El SLP bilingüe

More About formal Assessment Measures!
Even though it has been proved that the use of monolingual norm-referenced testing materials with bilingual children can lead to biased assessments and diagnostics, it continues to be a common practice (Cesar & Kohler, 2007). There is also considerable evidence about the lack of sensitivity and specificity in the identification of children from culturally and linguistically different backgrounds. The sensitivity of a standardized test is the rate at which a test correctly identifies a student with a language impairment as having a deficit. In other words, how sensitive is the test to find a disability. On the contrary, the specificity of a standardized test is the rate at which a test identifies a child with typical skills as having normally developing skills. When we use a standardized test with low sensitivity and specificity with a bilingual child, we are making clinical decisions with scores that are less valid. This can result in underdiagnosis and over-diagnosis of our bilingual children, and in consequence, they will not receive the services and/or support they need.

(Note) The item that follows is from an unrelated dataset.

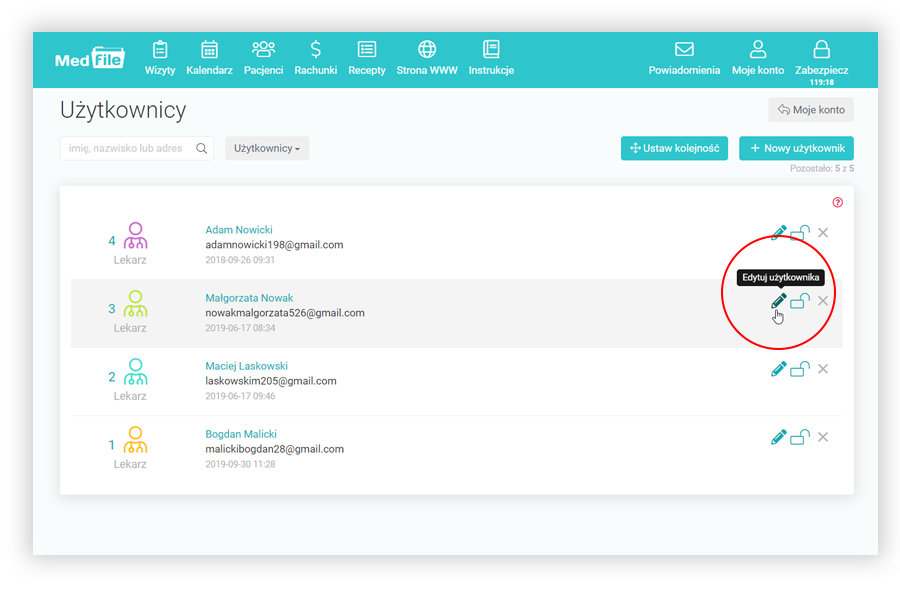 W zakładce „Użytkownicy” przy lekarzu, którego chcemy edytować, klikamy w „ołówek” po prawej stronie, bądź w imię i nazwisko lekarza. Zobacz więcej.
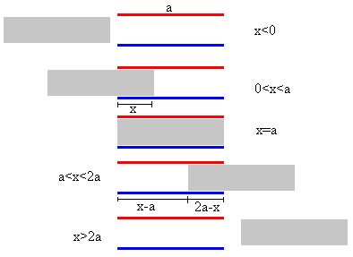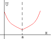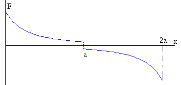 Como podemos apreciar la capacidad C es simétrica respecto de x=a. El valor de la capacidad C, de la energía electrostática U y el módulo de la fuerza F es el mismo para x=a-δ, y para x=a+δ. Como podemos ver en las gráficas arriba de la capacidad y más abajo de la energía U y de la fuerza F.

This persistent bias in standardized language assessments goes together with the fact that many of the language features that standardized tests look for, are clinical markers of language impairment in speakers of mainstream American English. Also, the norms used for monolingual children in standardized measures do not apply to bilingual or multicultural populations (Horton-Ikard & Ellis Weismer, 2007; Restrepo & Silverman, 2001). Unfortunately, norm-referenced standardized testing continues to be almost the preferred or most commonly accepted method of identifying and justifying services for children with language disabilities (Caesar & Kohler, 2007; Figueroa & Newsome, 2006; Gandara, 2010; National Research Council, 2002).
When it comes to formal assessment, the most effective way to obtain information about both languages is using valid testing materials that are developed for this multicultural and multilingual population. Unfortunately, when it comes to culturally and linguistically diverse students, standardized test scores leave children at a disadvantage when it comes to diagnosis since most of the available tests do not have representation of all dialects and cultural backgrounds in their normative samples, affecting their reliability and validity and in consequence not getting an accurate diagnosis. Also, there’s a lack of testing and assessment materials developed for bilingual children with different linguistic backgrounds. Caesar and Kohler (2007) demonstrated that the most frequently used language assessment measures with bilingual children were the Peabody Picture Vocabulary Test (PPVT; Dunn & Dunn, 1997), the Clinical Evaluation of Language Fundamentals, 3rd Edition (CELF-3; Semel & Secord, 1995), language sampling, and the Expressive One Word Picture Vocabulary Test (EOWPVT; Gardner, 1990). Although research suggests that there's a lack of validity and reliability when using these standardized tests as a basis for diagnosis in bilingual children, this continues to be a reality these days. For this reason, it is recommended that clinicians examine the tests manuals to ensure that the child’s demographic profile is represented in the normative sample of standardized assessments (Friberg, 2010; Padilla, 2007). Also, adaptation to scoring procedures could be employed to have a better picture of the child’s language competencies across the two languages.
Two formal assessments that have been developed for a various majority and minority languages are the COST-LITMUS tests (Armon-Lotem et al., 2015) and the Bilingual English Spanish Assessment (BESA; Peña et al., 2018). The Language Impairment Testing in Multilingual Settings (LITMUS) is a battery of tools that includes assessments in both receptive and expressive knowledge of nouns and verbs through a picture-based test. These tools represent picture lexical tasks for preschool children, that are comparable across a wide range of languages (Haman, Åuniewska, & Pomiechowska, 2015). The Bilingual English Spanish Assessment (BESA) is an omnibus test of phonology, semantics, and morphosyntax that tests in both Spanish and English languages. This test was standardized with bilingual children aged 4-6 in the United States and was developed specifically for the purpose of identifying phonological and language disorders among Spanish–English bilingual children.